Jakarta, Motoris – PT BYD Motor Indonesia secara resmi memperkenalkan teknologi Dual Mode melalui peluncuran BYD M6 DM sebagai langkah memperluas pasar kendaraan elektrifikasi di tanah air. Kehadiran teknologi ini menjadi jawaban bagi kebutuhan konsumen yang menginginkan efisiensi operasional sekaligus fleksibilitas tinggi untuk perjalanan jarak jauh.
Presiden Direktur BYD Motor Indonesia Eagle Zhao menjelaskan bahwa teknologi Dual Mode hadir mengikuti perkembangan kebutuhan nyata masyarakat Indonesia yang mulai beralih ke kendaraan elektrifikasi.
“Perkembangan teknologi terus menyesuaikan diri dengan kebutuhan nyata konsumen Indonesia,” ujar Eagle Zhao dalam acara BYD New Technology Launch di PIK 2 Tangerang, Selasa (19 Mei 2026).
Model BYD M6 DM menjadi kendaraan listrik pertama di Indonesia yang mengadopsi teknologi Dual Mode 5.0. Mobil berjenis MPV tujuh penumpang ini dirancang khusus untuk menyesuaikan karakter pasar domestik. Selain fleksibilitas tenaga teknologi ini juga diklaim menawarkan biaya perawatan yang jauh lebih kompetitif dibandingkan kendaraan bermesin bensin konvensional atau internal combustion engine.
“Untuk biaya perawatan, kami juga memiliki keunggulan yang sangat nyata dibandingkan mobil mesin konvensional,” jelas Eagle Zhao.
Meski meluncurkan produk baru di tengah kondisi ekonomi yang menantang BYD memastikan untuk tetap menjaga harga jual. Saat ini nilai tukar rupiah terhadap dolar Amerika Serikat terpantau melemah hingga menyentuh angka Rp17.700 per dolar AS. Kondisi ini biasanya memicu penyesuaian harga pada produk otomotif namun BYD memilih untuk bertahan.
Head of Public & Government Relations PT BYD Motor Indonesia Luther Panjaitan menegaskan bahwa perusahaan masih menahan harga di tengah tekanan kurs tersebut. Menurutnya belum ada rencana kenaikan harga dalam strategi jangka pendek perusahaan.
“Komitmen BYD jangka panjang sampai saat ini kami belum ada informasi dan strategi khusus menindaklanjuti fluktuasi dari kenaikan nilai tukar,” ungkap Luther Panjaitan.

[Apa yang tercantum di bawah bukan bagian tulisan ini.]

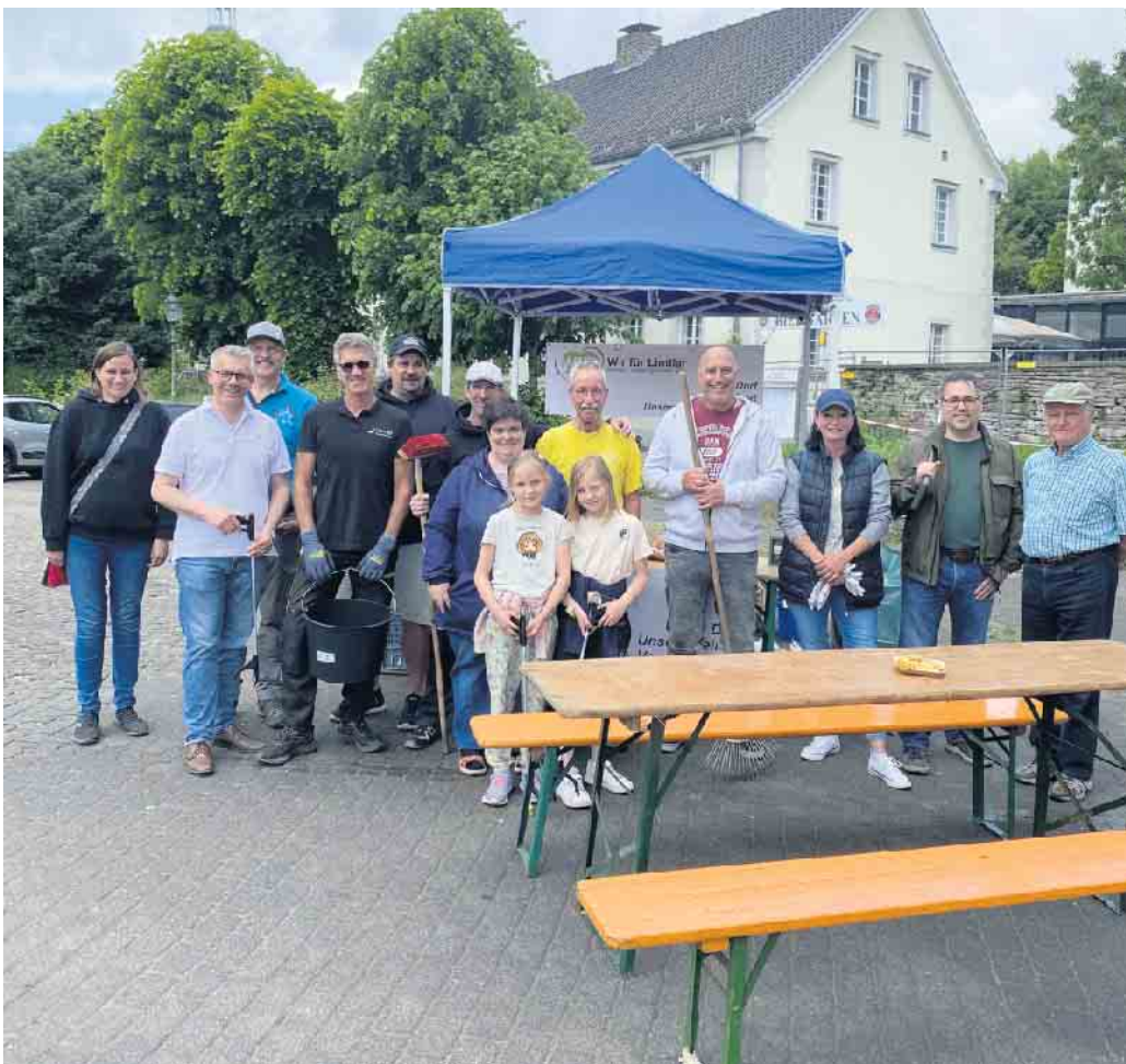
Gemeinsam startete eine Gruppe aus Vereinsaktiven und Bürgerinnen und Bürgern am 17. Mai zum Lindlarer Dorfputz.

Aus dem traditionellen „Frühjahrsputz“ wurde der „Lindlarer Dorfputz“ mit vielen Aktionen von Wir für Lindlar e. V. zur Dorfverschönerung mit großer Resonanz aus der Bevölkerung

Pihak manajemen tetap memantau dinamika pasar serta geopolitik global sebelum menentukan langkah berikutnya. Luther mengakui potensi penyesuaian harga memang selalu ada namun hal tersebut bukan menjadi agenda utama saat ini.
“Kalau ditanya potensi mungkin saja, tapi saat ini tidak dalam strategi jangka pendek kami,” tambahnya.
Bagi konsumen yang berminat BYD menjadwalkan sesi test drive di berbagai dealer mulai 20 Mei 2026 agar masyarakat dapat merasakan langsung sensasi berkendara BYD M6 DM sebelum melakukan pemesanan resmi.